I find it quite interesting that while hyperoxemia is reduced, the incidence of saturations under 90% is increased with automation. I suspect the answer to this lies in the algorithmic control of the FiO2. With manual control the person at the bedside may turn up a patient (and leave them there a little while) who in particular has quite labile saturations which might explain the tendency towards higher oxygen saturations. This would have the effect of shifting the curve upwards and likely explains in part why the oxygen saturation median is slightly higher with manual control. With the algorithm in the CLiO2 there is likely a tendency to respond more gradually to changes in oxygen saturation so as not to overshoot and hyperoxygenate the patient. For a patient with labile oxygen saturations this would have a similar effect on the bottom end of the range such that patients might be expected to drift a little lower then the target of 90% as the automation corrects for the downward trend. This is supported by the fact that when you look at what is causing the increase in percentage of time below 90% it really is the category of 85-89%.
Is this safe? There will no doubt be people reading this that see the last line and immediately have flashbacks to the SUPPORT trial which created a great deal of stress in the scientific community when the patients in the 85-89% arm of the trial experienced higher than expected mortality. It remains unclear what the cause of this increased mortality was and in truth in our own unit we accept 88 – 92% as an acceptable range. I have no doubt there are units that in an attempt to lessen the rate of ROP may allow saturations to drop as low as 85% so I continue to think this strategy of using automation is a viable one.

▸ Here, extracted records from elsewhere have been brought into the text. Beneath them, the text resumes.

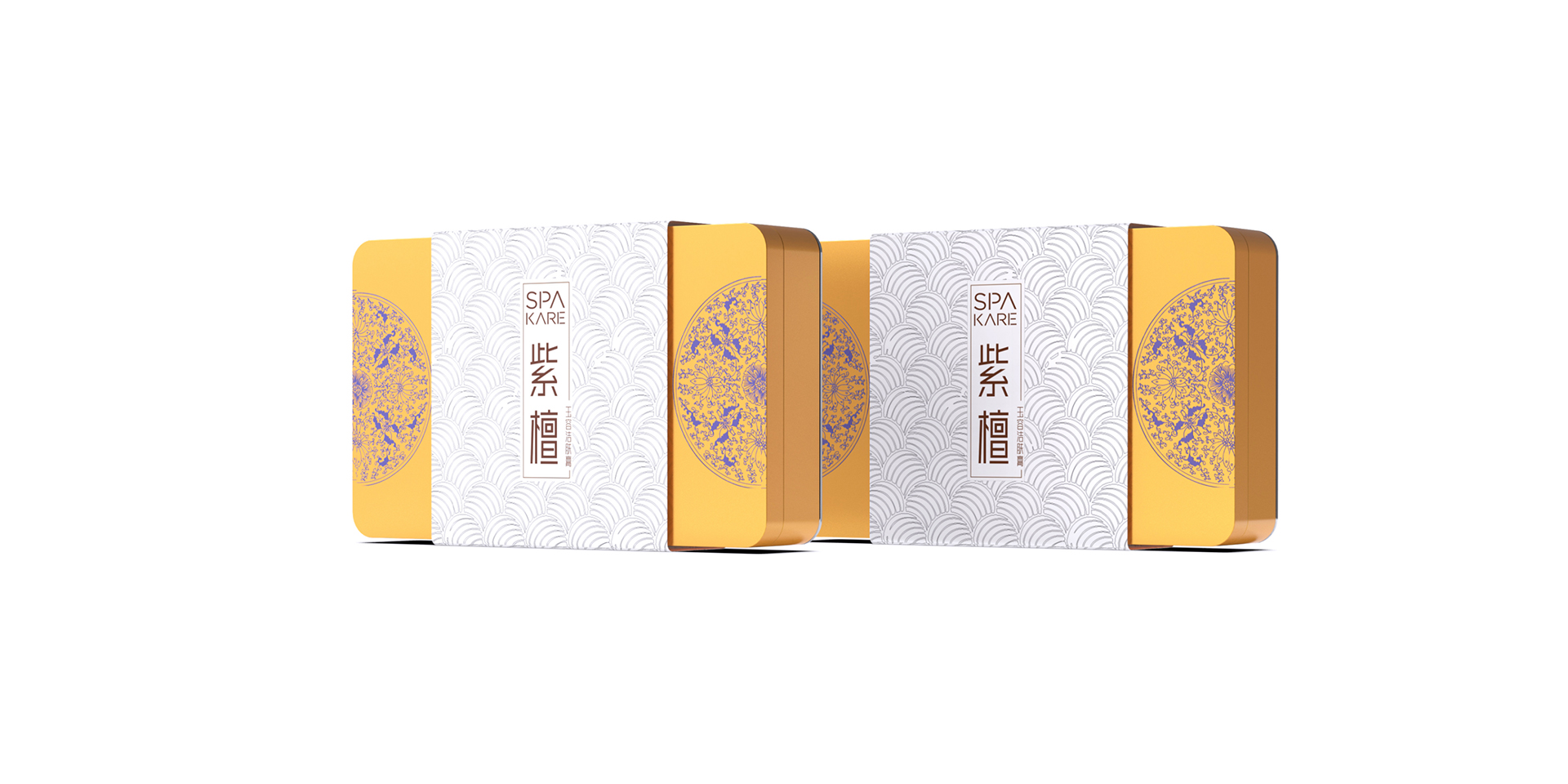 盒體布局靈感來源古代龍袍兩肩處圓形紋樣,圓形象征圓滿完美。盒體與盒體相接兩側紫檀花紋樣會組成完滿的圓形。紫金配色透露著品牌低調與奢華,白銀的傳統(tǒng)水紋腰封強化品牌調性。
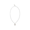 The Pendant Necklace by Alexander McQueen is an accessory with a bold and contemporary character. Crafted with a silver-toned, logo-embossed plaque, it stands out for its essential yet impactful design. The hook-and-eye closure ensures a practical and secure fit, while the engraved logo detail enhances the house’s iconic aesthetic.
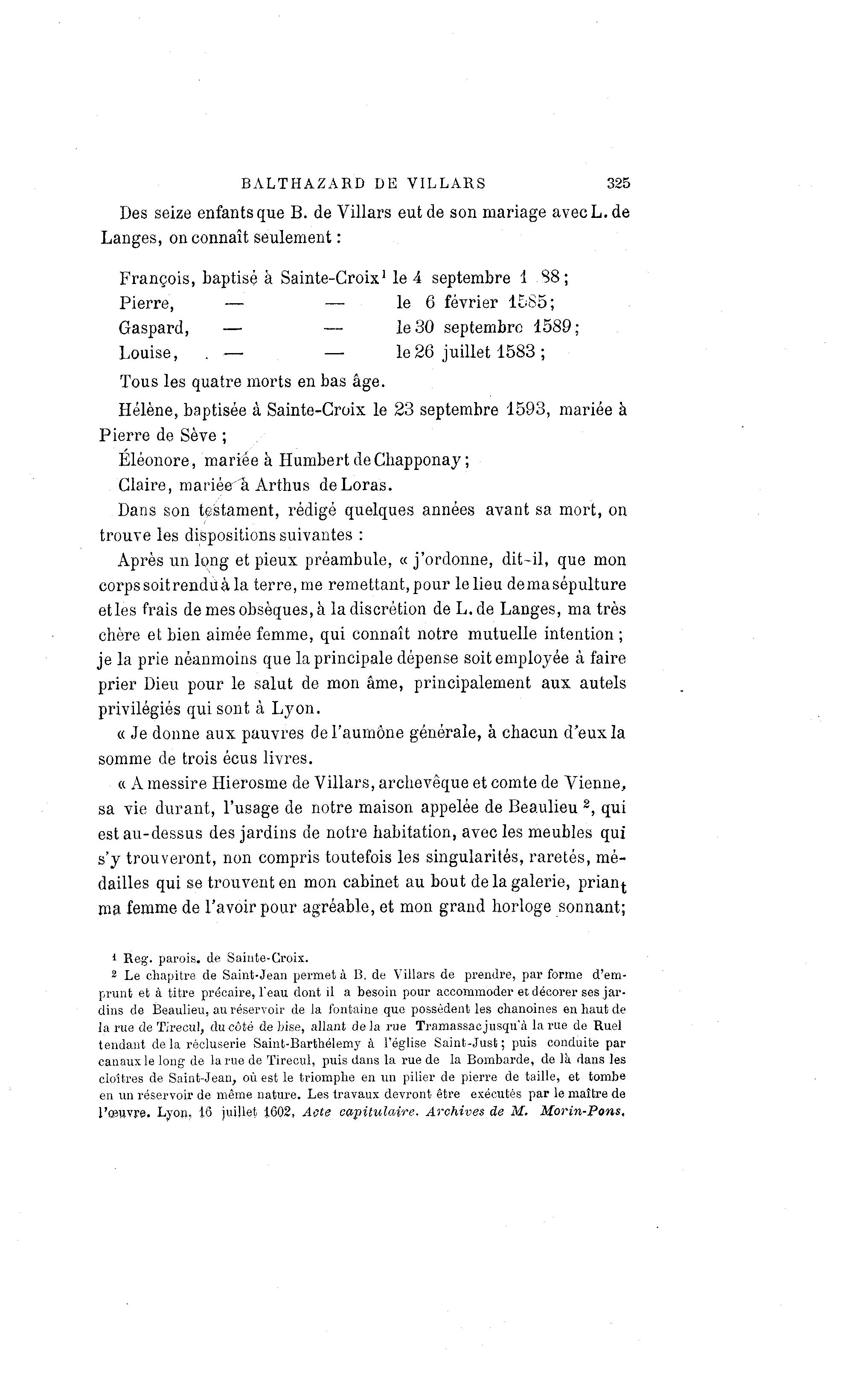 l'oeuvre. Lyon, 16 juillet 1602, Acte capitulaire. Archives de M. Morin-Pons,
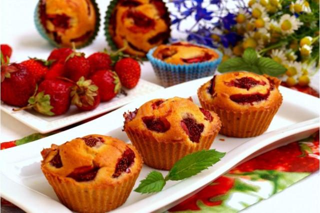 Готовь к чаю ароматную и вкусную выпечку! Радуй семью! Маффины с ягодами получаются нежными, сочными и с изумительным ароматом. Отличный вариант для угощения родных в выходной день. Или неожиданных гостей, так как готовятся быстро, просто и из доступных продуктов. Ягоды можно брать любые - землянику, вишню, черешню, малину, ежевику, чернику. Подойдут и кусочки фруктов.
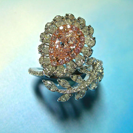This finger ring features precious fancy diamonds in a coral color with a pinkish hue. The white and fancy diamonds are inlaid in a pear-shaped mounting. The band resembles the shape of a tree branch, which is what makes this ring beautiful and unique.
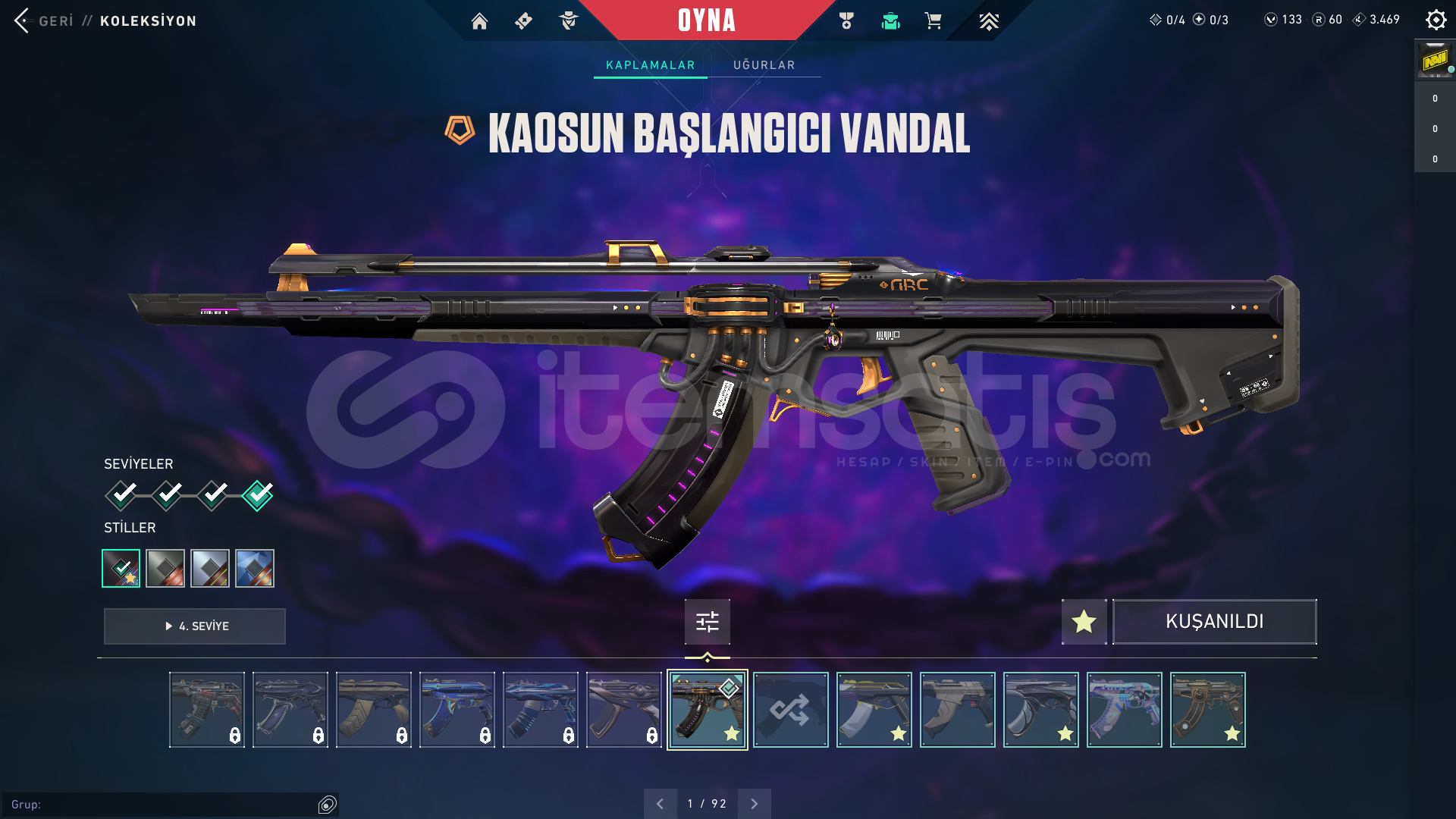 • Skinler: Prelude to Chaos Vandal - Prime Vandal - Divergence Vandal - Forsaken Vandal - Magepunk Vandal / RGX 11z Pro Phantom / Prelude to Chaos Operator / RGX 11z Pro Outlaw / Sovereign Ghost - XERØFANG Ghost / VCT25 x NAVI Classic / Kuronami no Yaiba - Bubble Pop Light Stick - ATLAS // CMD Baton - Torque Coiler - Solarex Relic - Hieroscape Blades - Overlay Dagger VE DAHA SAYAMADIKLARIM İLE BİRLİKTE TOPLAM 90 SKİN MEVCUTTUR.
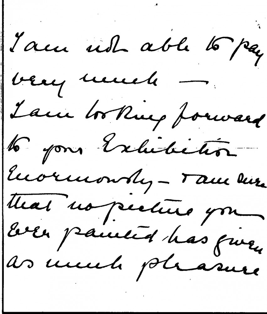 Letter from Lady Annie Lawley to de László thanking the artist for sending her Frederick Cullen's address. She will write to Cullen (presumably to commission a copy portrait of de László's portrait of her husband [6011]), but she is unable to pay very much. She is looking forward to de László's exhibition at the French Gallery, and she writes of the pleasure [6011] brings her
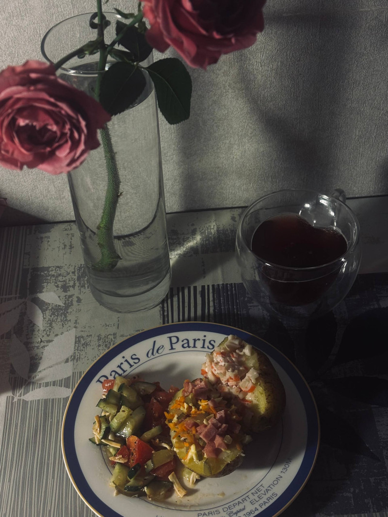 Вчера запеченный картофель с начинками: крабовые палочки и соленый огурец.
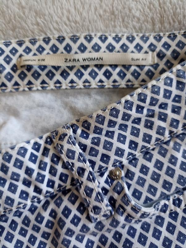 Летние джинсы, Ткань котон 83%, полиестер 15%, пластин 2%. Цвет:белые в синий ромбик. Размер 42-44 ПОТ 35-40тянется, ПОБ 42,, длина 95 см Посадка 21 см спереди. Состояние новых.
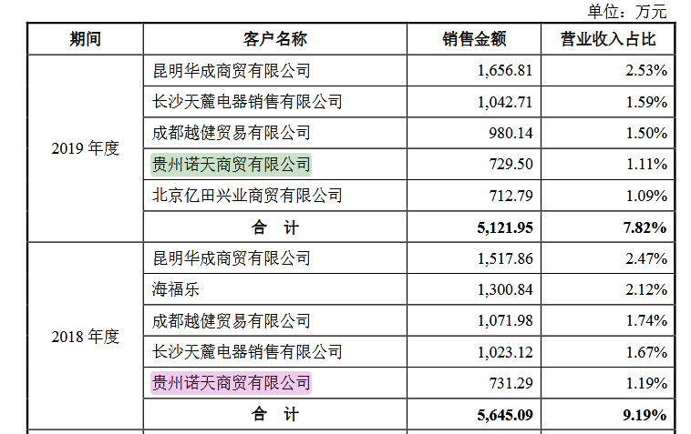 除了瘋狂擴張帶來的產能過剩隱患,億田智能的財務數據真實性也值考量。億田智能稱,貴州諾天商貿有限公司是發行人主要客户之一,2018年向億田智能採購731萬元,2019年採購729萬元。
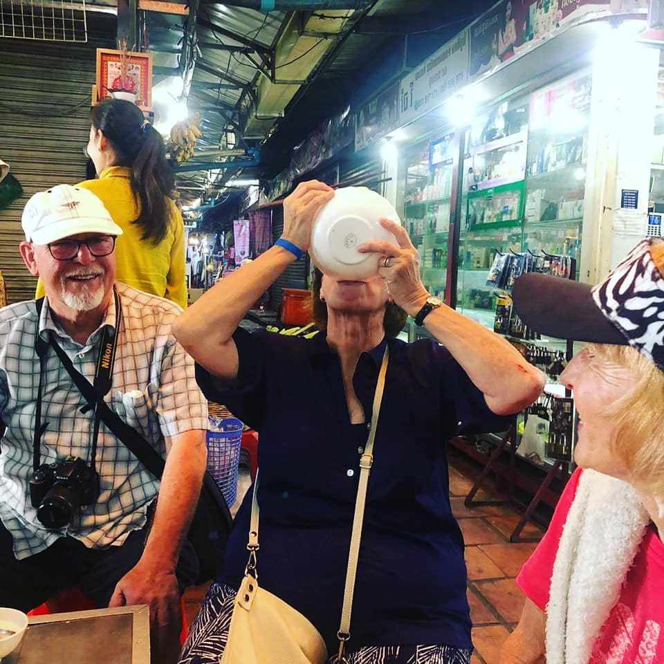 在导游的带领下漫步市场,探索柬埔寨美食。

For now the issue is one of a ventilator that is capable of doing this. If not for the ventilated patient at least for patients on CPAP. In our centre we don’t use the Avea model so that system is out. With the system we use for ventilation there is also no option. We are anxiously awaiting the availability of an automated system for our CPAP device. I hope to be able to share our own experience positively when that comes to the market. From my standpoint there is enough to do at the bedside. Having a reliable system to control the FiO2 and minimize oxidative stress is something that may make a real difference for the babies we care for and is something I am eager to see.